Again, if the defendant had been in fault, (as by using false representations, etc.,) that would not have enabled the plaintiffs to have sued in assumpsit, or book account, till the expiration of the six months credit. So are all the authorities; 18 Vt. 235; 16 Vt. 108 and 164.
Much less could the plaintiffs sue in such forms of action when there was no fault on the defendant’s part. A mutual and innocent mistake ought not to put the defendant in a worse condition than an actual fraud.
It is said the plaintiffs might recover for the goods sold.
1. The report does not show that any goods were sold. The defendant’s father offered to return the goods on hand and pay for what had been sold, and that is all that appears upon that point in the report.
2. After such offer and refusal of it by the plaintiffs, clearly they would have no right to sue till they had offered to take back the residue of the goods, and had demanded pay for those sold.

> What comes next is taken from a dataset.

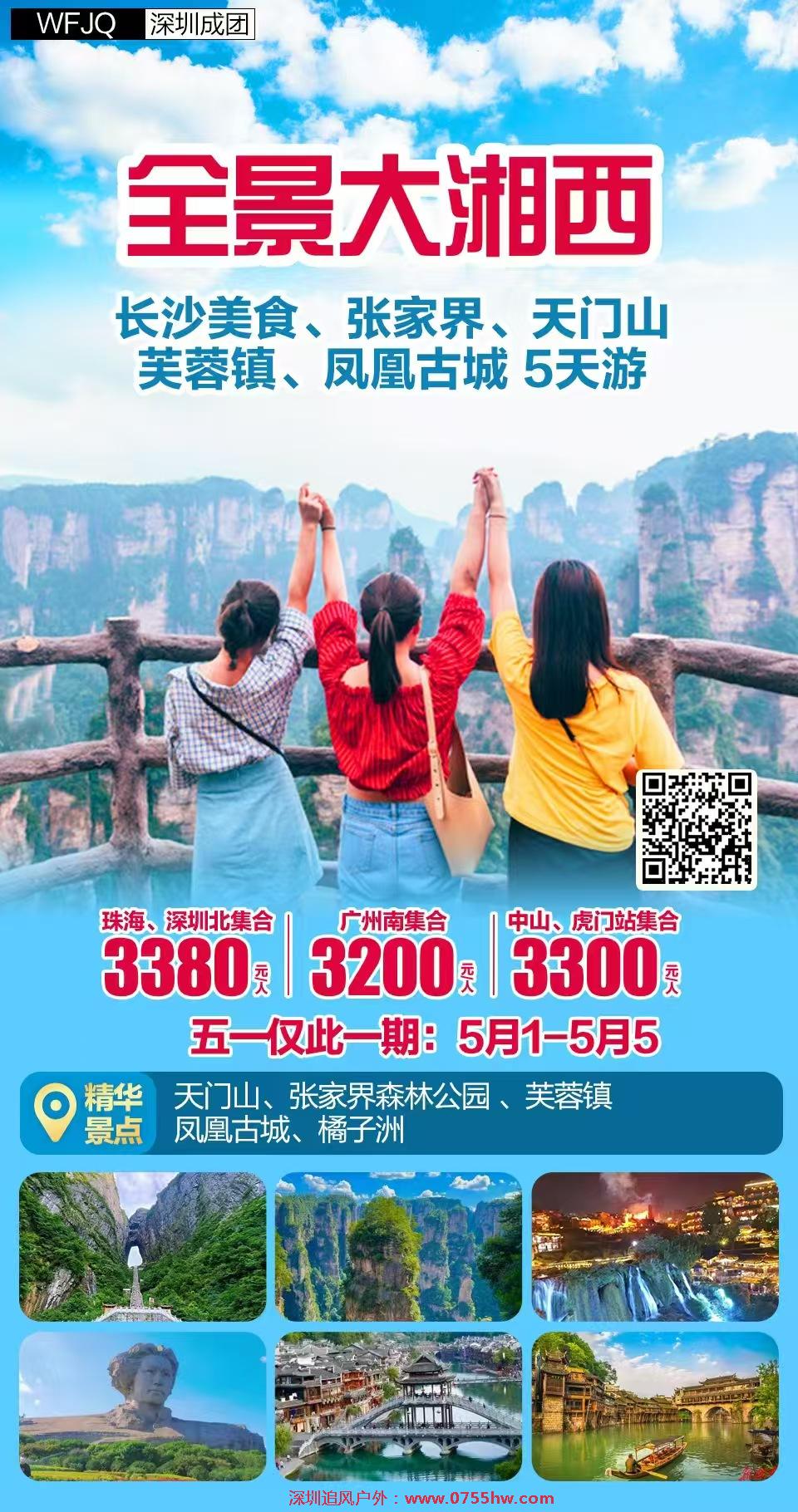 长沙、张家界、天门山、芙蓉镇、凤凰古城 高铁5天游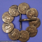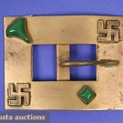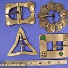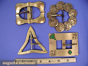 All brass or brass finished: 1 w/ coins; 1 w/ cabuchons & swastikas; 1 triangular; 1 lobed rectangular marked Royal Mfg., excellent.

Without this there would he no disaffirmance of the contract; we do not decide that with it the action would have been maintainable.
The decision in Hickling v. Hardy, 7 Taunton 311, stands upon a ground wholly distinct from the principle here involved. The defendant bought goods and gave the plaintiff a bill in payment. When the bill was presented for acceptance it was protested for non-acceptance. What then was the right of the drawee ? To sue instantly for the amount of the bill, That was the meaning of the contract. Now as to credit for the goods, that case shows none given but what was implied in taking the bill. The contract implied, in commercial law, from that was, if the bill is accepted the vendor shall have his pay when the bill matures, if not accepted he shall have his pay when acceptance is refused. That decision stands upon the implied contract of the parties. If there had been any express contract for credit for a definite period of time, it would have altered the case.
In the view we take of this case the judgment must be reversed, and judgment rendered for the defendant.